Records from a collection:
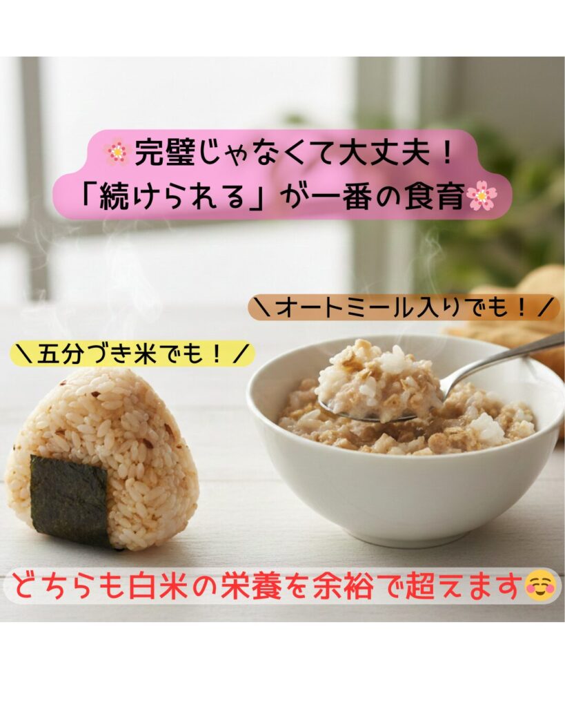 五分づき米もオートミール入りご飯も、白米よりずっと栄養満点なのは間違いありません!
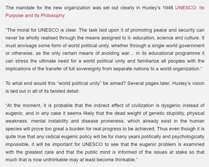 This is a dark agenda. Those pushing it consider other humans as lesser than themselves. This is not a new idea. Throughout history most civilisations have had slaves. There is a line of continuity through the Malthusian movement in the late 1800s, to eugenics in the 1920s and 1930s and Nazi public health in the 1930s-1940s. In the founding document of UNESCO, Julian Huxley wrote about eugenics. He then helped steer the environmental movement which moved to the biosecurity agenda, which is now moving towards the One Health agenda.
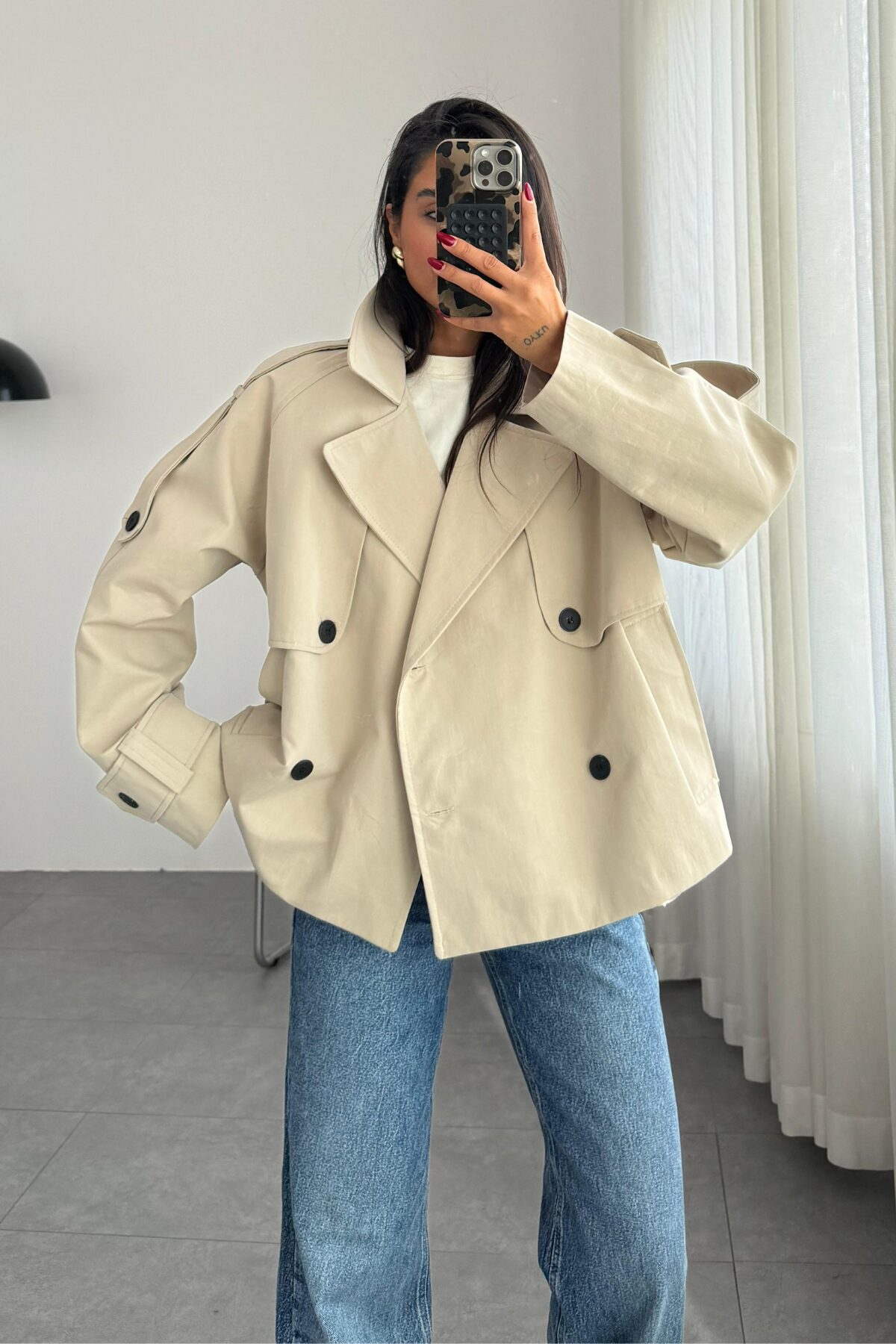 Davina Rüzgarlıklı Kısa Trençkot Taş
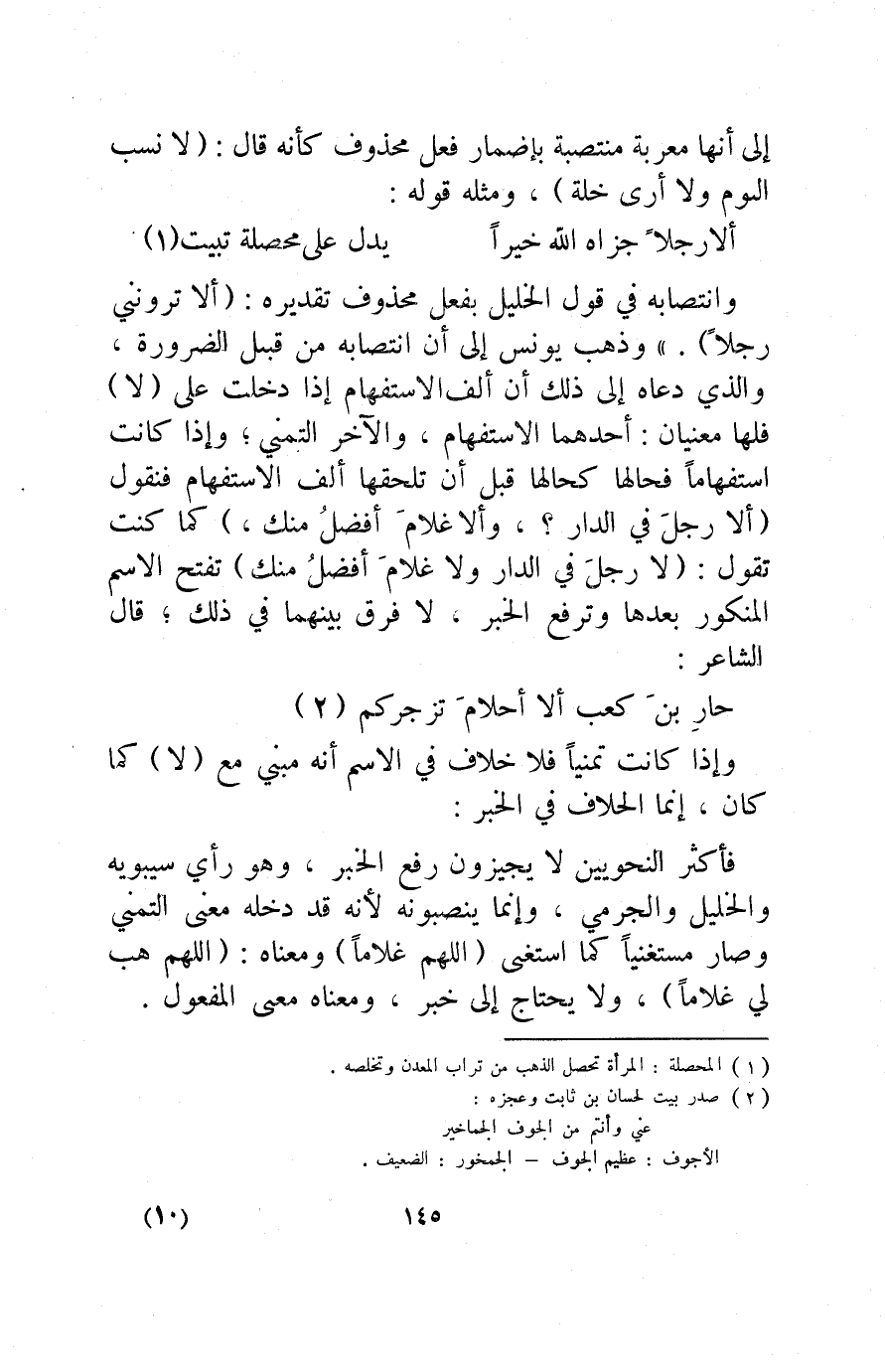 وانتصابه في قول الخليل بفعل محذوف تقديره: "ألا ترونني رجلا". وذهب يونس إلى أن انتصابه من قبيل الضرورة، والذي دعاه إلى ذلك أن ألف الاستفهام إذا دخلت على "لا" فلها معنيان: أحدهما الاستفهام، والآخر التمني؛ وإذا كانت استفهاما فحالها كحالها قبل أن تلحقها ألف الاستفهام فنقول: "ألا رجلَ في الدار؟ , وألا غلام أفضل منك؟ " كما كنت تقول: "لا رجل في الدار، ولا غلام أفضل منك" تفتح الاسم المنكور بعدها وترفع الخبر، لا فرق بينهما في ذلك، قال الشاعر:
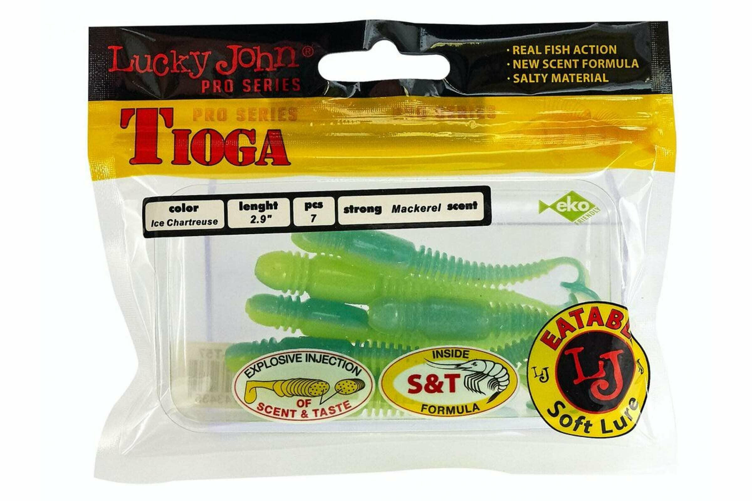 Силиконовая съедобная приманка Lucky John pro series TIOGA 2.9" Ice Chartreuse (7шт,7,37см)
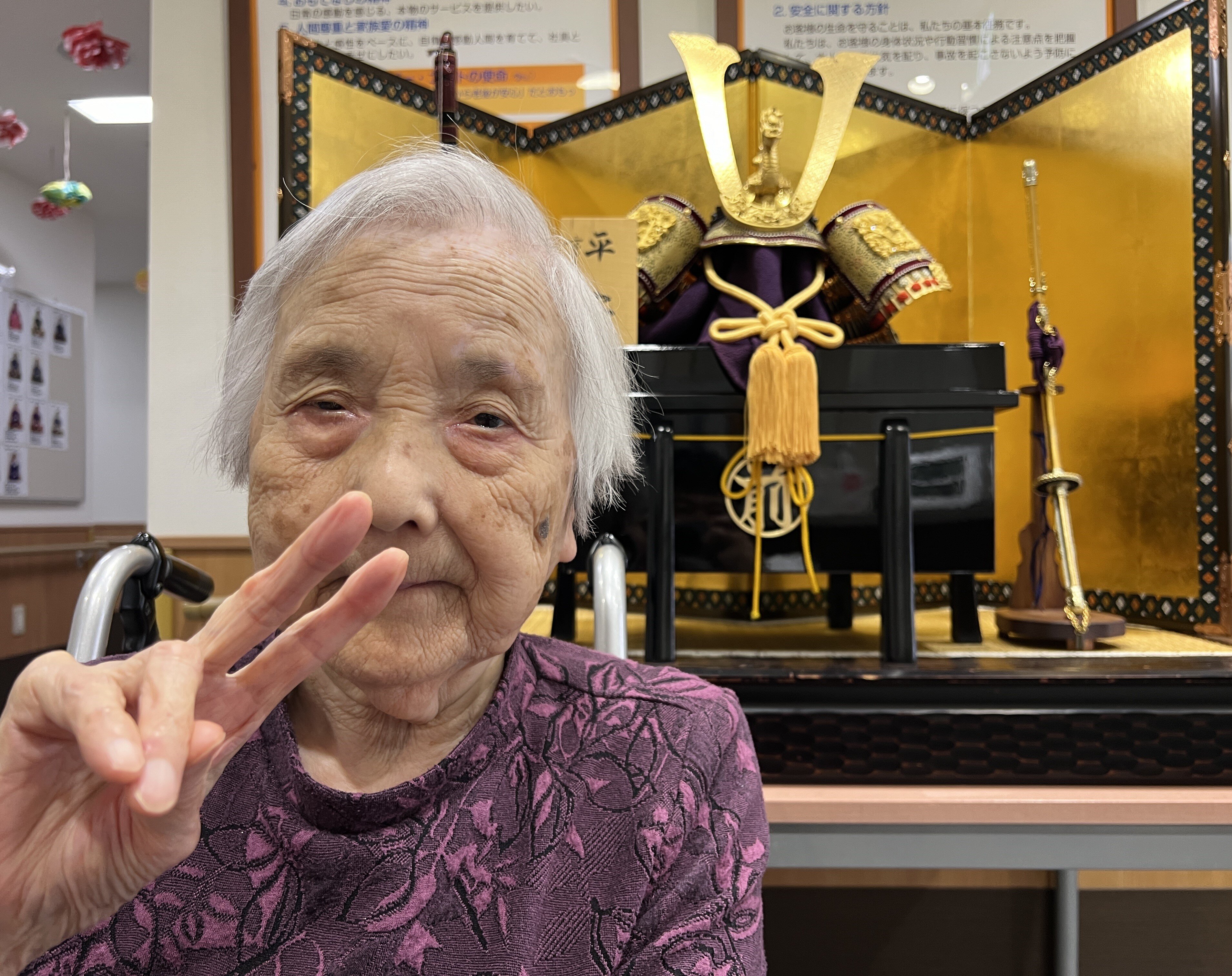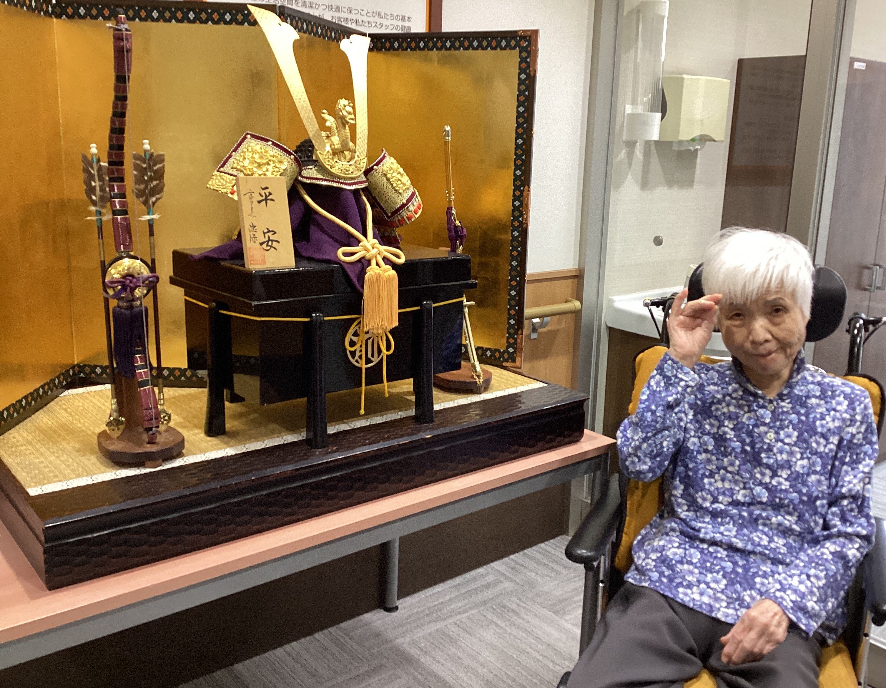 1階の兜を見に来てくださったご入居者の紹介です(^^♪
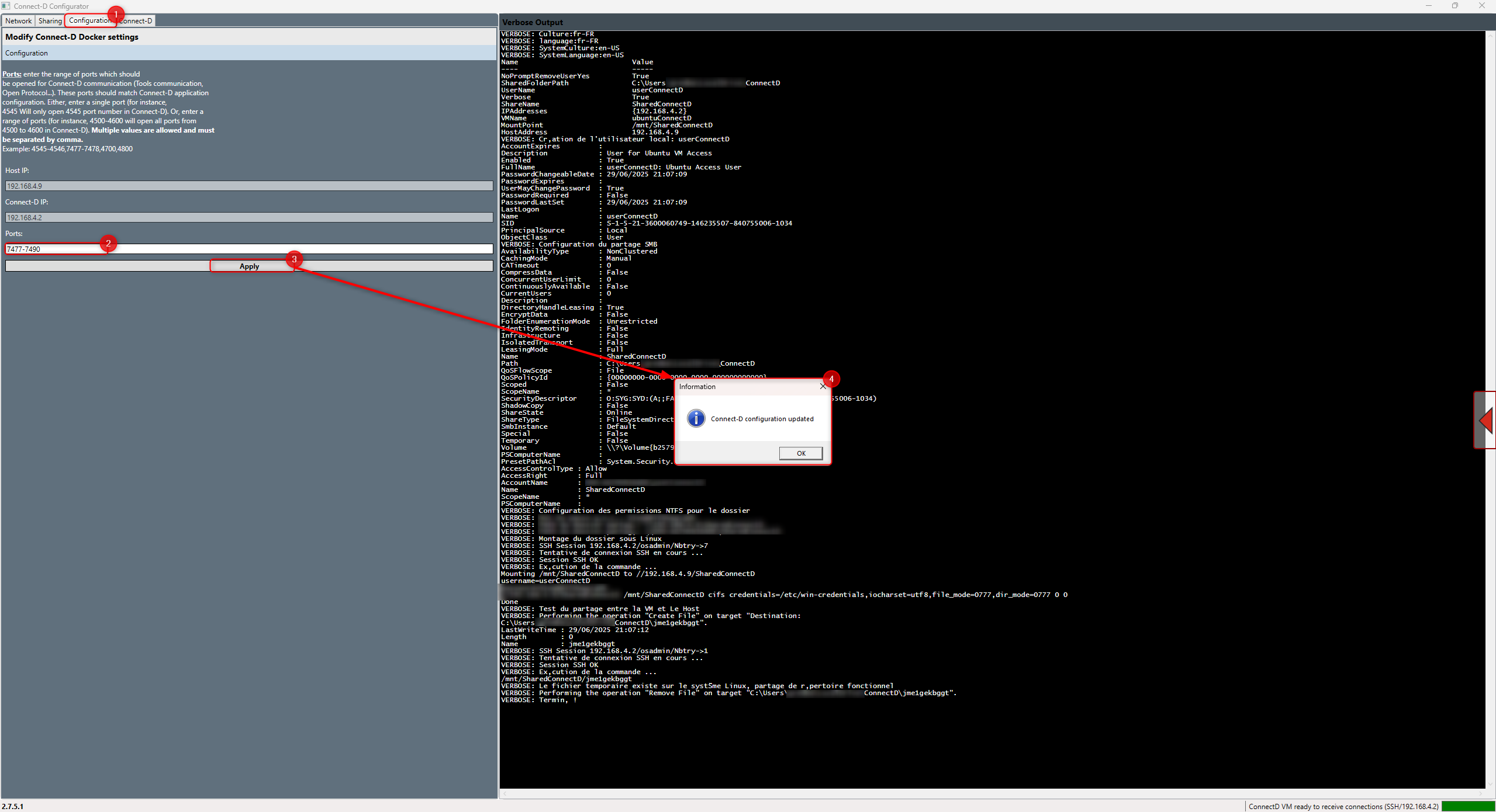 It is necessary to setup a shared folder between the CONNECT-D and the Host Computer. This folder will allow you to retrieve log data, but also backup files from the CONNECT-D.

Action item
Transcribe exactly each line of the records from the start up to and including the one with "Davina Rüzgarlıklı Kısa Trençkot Taş", and leave out every picture.

Answer to the exercise
 五分づき米もオートミール入りご飯も、白米よりずっと栄養満点なのは間違いありません!
 This is a dark agenda. Those pushing it consider other humans as lesser than themselves. This is not a new idea. Throughout history most civilisations have had slaves. There is a line of continuity through the Malthusian movement in the late 1800s, to eugenics in the 1920s and 1930s and Nazi public health in the 1930s-1940s. In the founding document of UNESCO, Julian Huxley wrote about eugenics. He then helped steer the environmental movement which moved to the biosecurity agenda, which is now moving towards the One Health agenda.
 Davina Rüzgarlıklı Kısa Trençkot Taş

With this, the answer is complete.